There is a pattern that comes up again and again in automation projects across FinTech and financial services. A team picks a tool, assigns someone to write tests, and within a few months they have a suite that looks impressive on a dashboard. Hundreds of test cases. Green builds most of the time. A coverage percentage that satisfies the quarterly review.
And then something breaks in production that the automation should have caught.
The honest reason this happens is that most automation frameworks are built to demonstrate progress rather than to prevent defects. When a test suite is designed to impress stakeholders rather than to solve a real testing problem, the cracks show up later, when the damage is harder to contain.
The three signs your framework is a liability
The first sign is a high flakiness rate. If your tests fail intermittently and your team has started treating certain failures as expected, you do not have an automation problem. You have a trust problem. Flaky tests stop being useful almost immediately, because nobody knows whether a failure is real or just noise. The longer you leave flaky tests in the suite, the more your team learns to ignore automation outputs entirely.
The second sign is that nobody owns the maintenance. This one is common in teams where automation was a project rather than a practice. Someone built the framework, the project finished, and now it lives in a corner of the repository that nobody touches unless a test breaks so badly it cannot be ignored.
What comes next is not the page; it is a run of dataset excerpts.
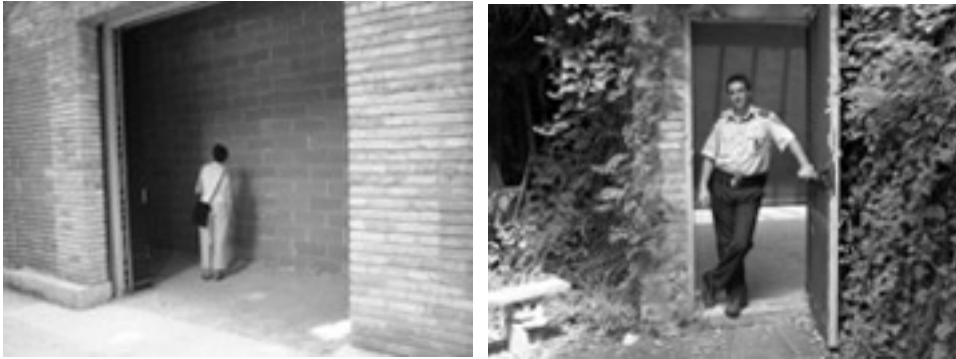
Sierra. Wall Enclosing a Space. Spanish Pavilion, Venice Biennale, 2003.

being fluid and unconstrained by exposing how all our interactions are, like public space, riven with social and legal exclusions. 58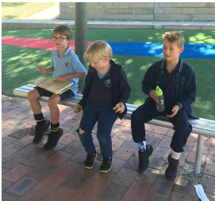
Students performing music they created through improvisation outdoors, using percussion instruments and objects in their music.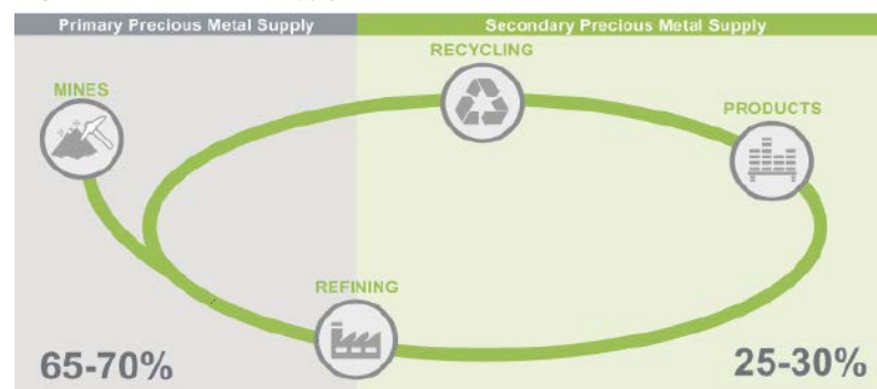
Physical Precious Metal Supply Chain

mining, extraction and concentration. The other factor that further increases the carbon footprint is energy mix in South Africa, the major producing country of PGMs. Nearly 90% power used for producing comes from hard coal. The following refining of the precious metal concentrates only adds a minor part to the overall carbon footprint.

Frameworks without owners decay. The longer they run without investment, the more brittle they become, and the harder they are to fix when something genuinely goes wrong.
The third sign is that your coverage numbers look healthy but production bugs keep happening. Coverage metrics are useful, but they measure what you have tested, not what matters. A framework that runs 800 tests across 60% of your codebase might still be missing the three integration points where your most critical user journeys live. Coverage without risk analysis is a false comfort.
The mindset shift that actually helps
The teams that get automation right think about it differently. They are not trying to write tests. They are trying to design a test architecture.
That distinction matters more than it sounds. Writing tests is a task. Designing an architecture is a discipline. It means deciding what not to automate as deliberately as you decide what to automate. It means building with maintainability in mind from the first line of code. It means treating the framework as a product that your team owns and evolves over time.
Before writing a single test, spend time on structure. Define your layers, decide your naming conventions, agree on how failures will be investigated. Make the hard decisions early, when changing your mind is cheap. By the time you have 500 tests in a framework built without those foundations, changing your mind costs weeks.
If your framework is already in trouble, the fix is not a rewrite. It is a reset of expectations, a clear owner, and a short period of investment focused on reliability over coverage. Start with the tests that run on every build. Make those stable first. Then expand from a foundation that actually holds.
The tool you use matters far less than you think. Playwright, Selenium, Cypress — all of them work when the underlying architecture is sound. None of them can save a framework that was designed to look good rather than to work well.